◆ What to do ◆
In the records below, find the line that contains "havana cigar 20" and the line that contains "Durch besonders hochwertige, rein", then retype exactly those two lines and every line between them.

◆ Dataset extract ◆
****

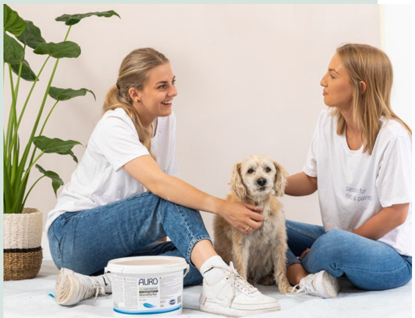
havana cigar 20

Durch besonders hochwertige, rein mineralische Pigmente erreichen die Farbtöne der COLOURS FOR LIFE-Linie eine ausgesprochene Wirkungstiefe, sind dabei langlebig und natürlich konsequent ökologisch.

****

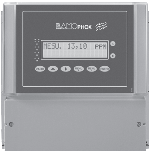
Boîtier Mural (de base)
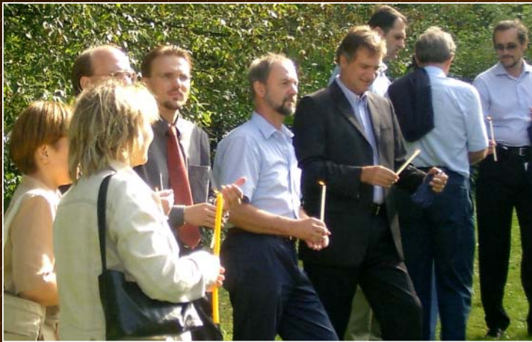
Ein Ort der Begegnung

****

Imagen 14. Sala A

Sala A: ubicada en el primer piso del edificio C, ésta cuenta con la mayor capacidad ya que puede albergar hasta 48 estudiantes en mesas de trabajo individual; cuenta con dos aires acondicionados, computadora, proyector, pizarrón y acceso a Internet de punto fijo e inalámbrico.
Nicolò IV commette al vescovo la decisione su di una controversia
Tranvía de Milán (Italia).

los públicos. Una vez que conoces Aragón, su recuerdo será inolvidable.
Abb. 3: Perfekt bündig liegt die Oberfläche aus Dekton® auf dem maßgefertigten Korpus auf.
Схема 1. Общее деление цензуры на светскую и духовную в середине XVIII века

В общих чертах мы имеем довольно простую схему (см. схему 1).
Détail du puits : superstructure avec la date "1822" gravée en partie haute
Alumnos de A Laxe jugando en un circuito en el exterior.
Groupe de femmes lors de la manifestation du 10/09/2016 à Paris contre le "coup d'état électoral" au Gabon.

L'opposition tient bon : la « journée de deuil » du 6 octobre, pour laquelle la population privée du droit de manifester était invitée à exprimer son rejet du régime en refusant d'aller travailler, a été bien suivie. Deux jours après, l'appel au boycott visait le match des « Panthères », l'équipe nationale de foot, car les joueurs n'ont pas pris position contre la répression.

****

◆ Task answer ◆
havana cigar 20

Durch besonders hochwertige, rein mineralische Pigmente erreichen die Farbtöne der COLOURS FOR LIFE-Linie eine ausgesprochene Wirkungstiefe, sind dabei langlebig und natürlich konsequent ökologisch.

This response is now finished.